Work instructions:
Each line in the material below, starting at the one with "Wheel Drive Shafts" and ending at the one with "Forsølvet engelsk lågfad", is to be reproduced exactly; no picture is to be copied.
•••••
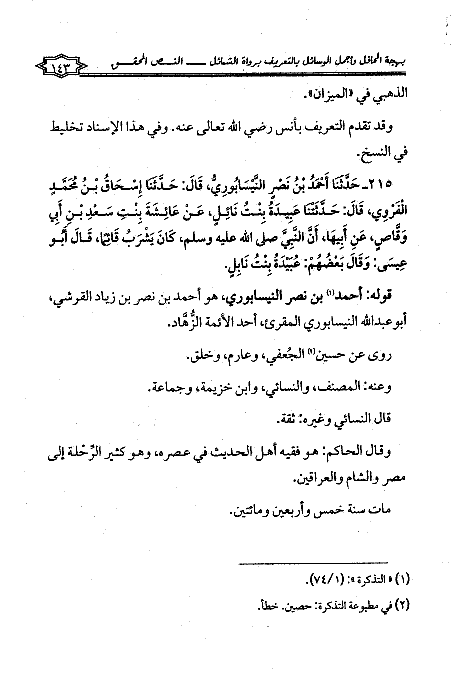 قوله: أحمد (¬1) بن نصر النيسابوري، هو أحمد بن نصر بن زياد القرشي، أبوعبد الله النيسابوري المقرئ، أحد الأئمة الزُّهَّاد.
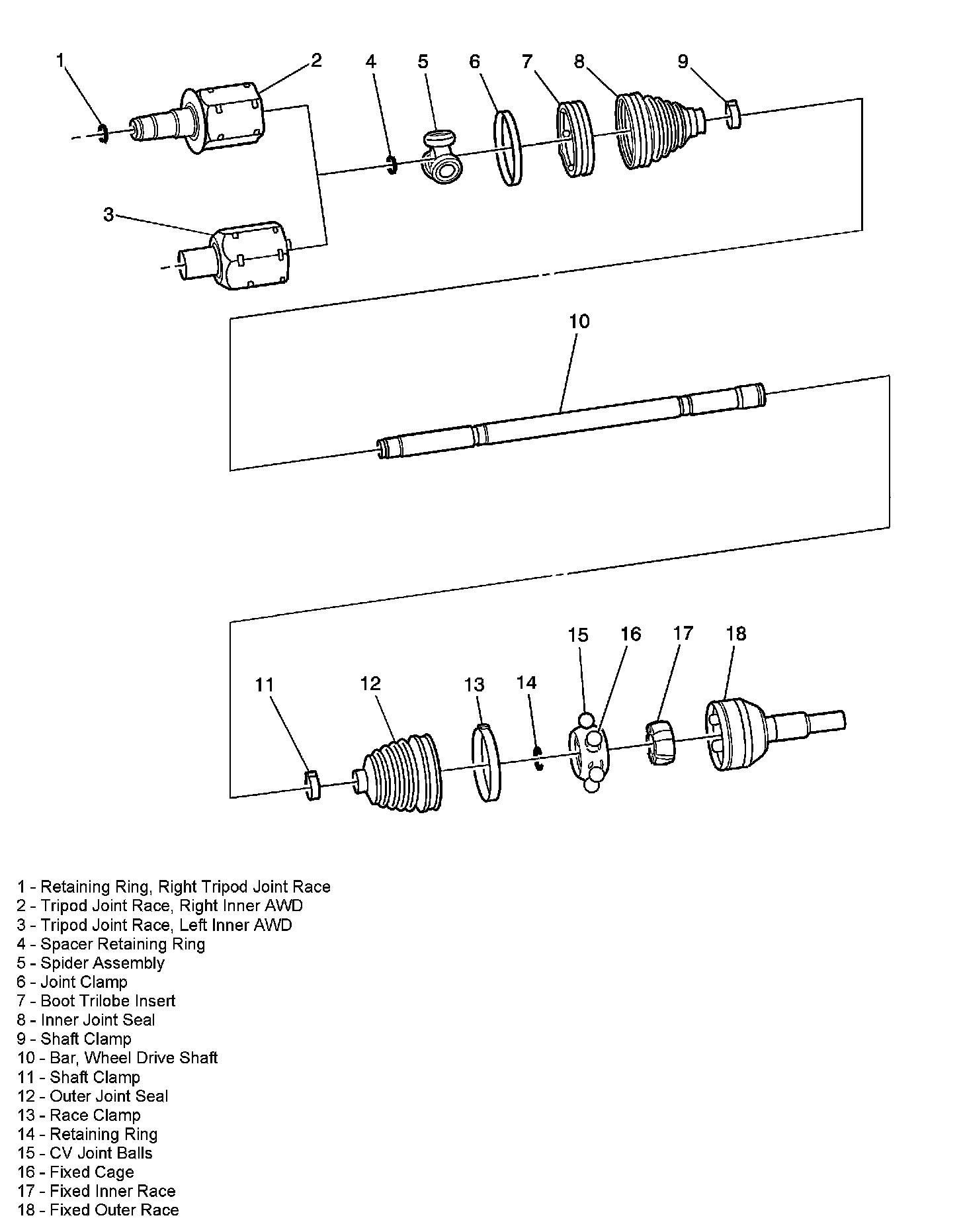 Wheel Drive Shafts Disassembled Views - Front
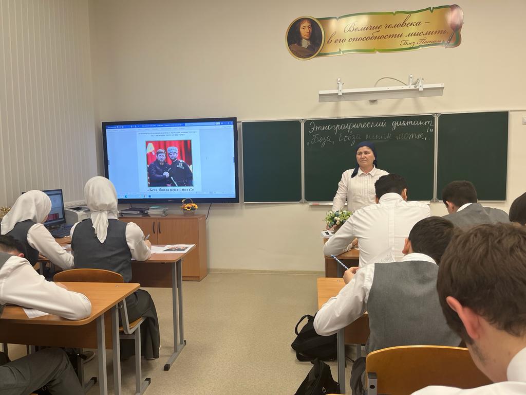 В рамках празднования Международного дня родного языка, с целью повышения интереса к изучению родного языка и литературы, истории и этнографии Чеченской Республики, улучшения культуры письменной речи и общей грамотности, 16.02.2024 года в МБОУ « СОШ с. Беркат-Юрт проведен Региональный этнографический диктант «Беза, бовза ненан мотт!»
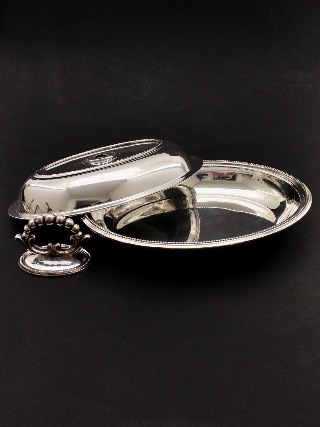 Forsølvet engelsk lågfad L. 29,5 cm. emne nr. 538119
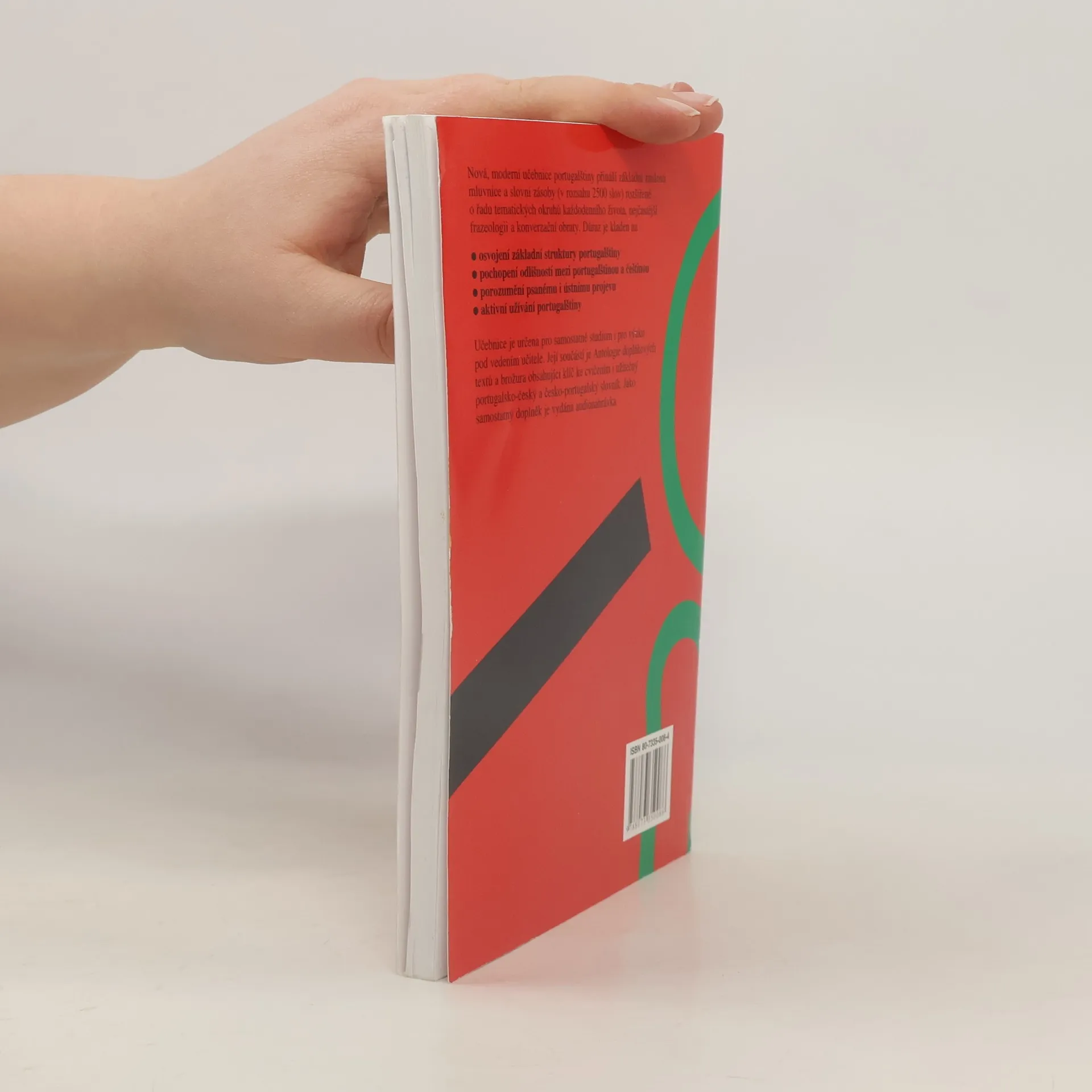 Učebnici určenou jak pro samostatné studium, tak pro výuku pod vedením učitele, tvoří 31 lekcí plus lekce úvodní se zásadami výslovnosti. Je zaměřena na evropskou portugalštinu a hlavními odlišnostmi portugalštiny brazilské se zabývá pouze ve dvou závěrečných lekcích. Každá lekce se skládá z úvodních textů, slovníčku k lekci (základního a doplňkového), mluvnického výkladu a řady cvičení s klíčem. Do učebnice je začleněna též Antologie doplňkových textů. Studující mají k dispozici portugalsko-český slovník, který obsahuje základní slovní zásobu učebnice (2 500 slov), i slovník česko-portugalský (stejného rozsahu).
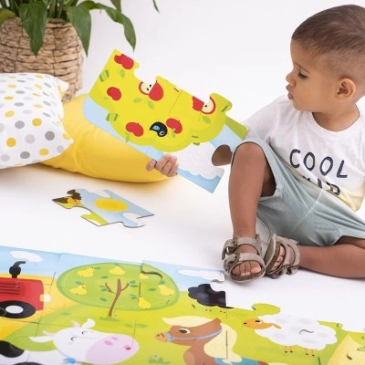 Introduce your little ones to farm animals with this appealing 35-piece jumbo floor puzzle. They will enjoy learning about animals, nature and colors while putting the pieces together to form this large puzzle that measures over 2 x 3 feet! The high-quality, thick cardboard pieces are the perfect size for little hands. The colorful keepsake box with handle makes this puzzle travel-friendly, easy-to-store and great to give as a special gift.
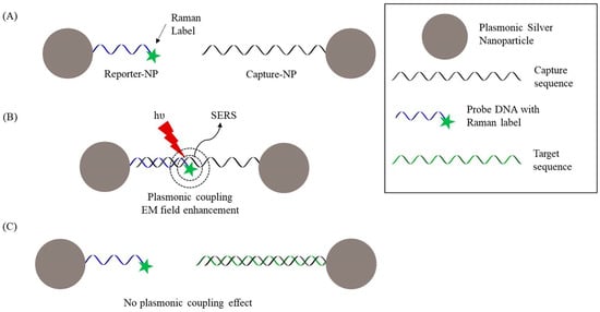 Schematic showing functionalized silver NPs and the detection mechanism of the PCI strategy. (A) Capture-NPs and Raman-labeled reporter-NPs are synthesized by functionalizing AgNPs with thiolated complementary DNA probes. (B) Plasmonic coupling is induced in a three-dimensional nanonetwork cross-linked by capture/reporter DNA duplexes that have the Raman label located between adjacent nanoparticles. (C) In the presence of target strands, targets compete with reporter-NPs for binding to capture-NPs, thereby preventing the formation of nanonetworks, leading to a significantly reduced plasmonic coupling effect [].
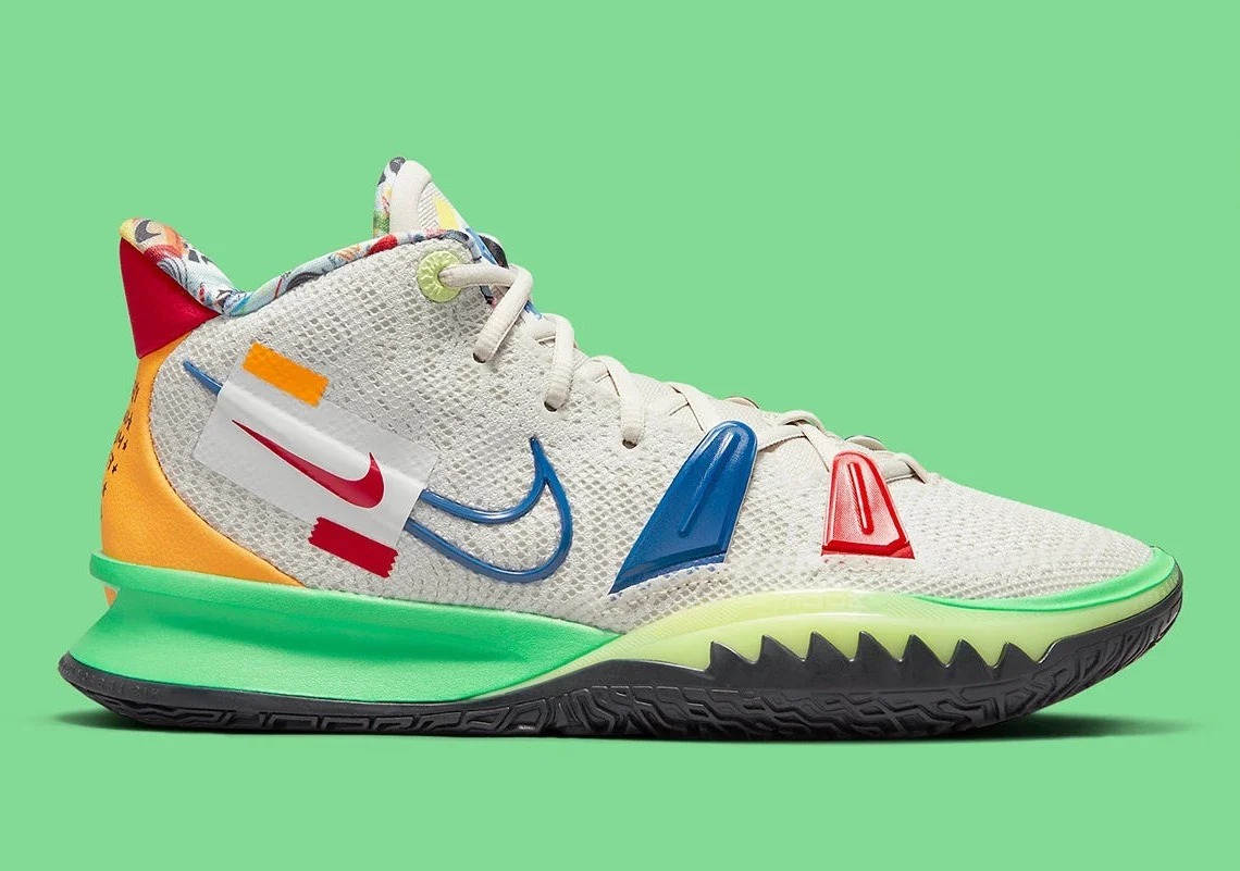 Plus économique que la Nike Kyrie 7, la prochaine paire est dotée de spécifications techniques prêtes pour le jeu. Un maillage léger mais durable sur la tige profilée se livre à des nuances de noir, tandis que les swooshes, les languettes et d’autres composants complémentaires du profil s’écartent dans une teinte blanc cassé. Ailleurs, l’option Nike Basketball présente un bleu vif au niveau des œillets supérieurs et du logo sur la langue, tandis que les lacets sont revêtus d’un violet clair contrastant. Sous le pied, les semelles agressives divisent davantage la palette de couleurs titulaire « Black / Bone», les semelles extérieures optant principalement pour la plus claire des deux couleurs.
•••••
Output for this exercise:
 Wheel Drive Shafts Disassembled Views - Front
 В рамках празднования Международного дня родного языка, с целью повышения интереса к изучению родного языка и литературы, истории и этнографии Чеченской Республики, улучшения культуры письменной речи и общей грамотности, 16.02.2024 года в МБОУ « СОШ с. Беркат-Юрт проведен Региональный этнографический диктант «Беза, бовза ненан мотт!»
 Forsølvet engelsk lågfad L. 29,5 cm. emne nr. 538119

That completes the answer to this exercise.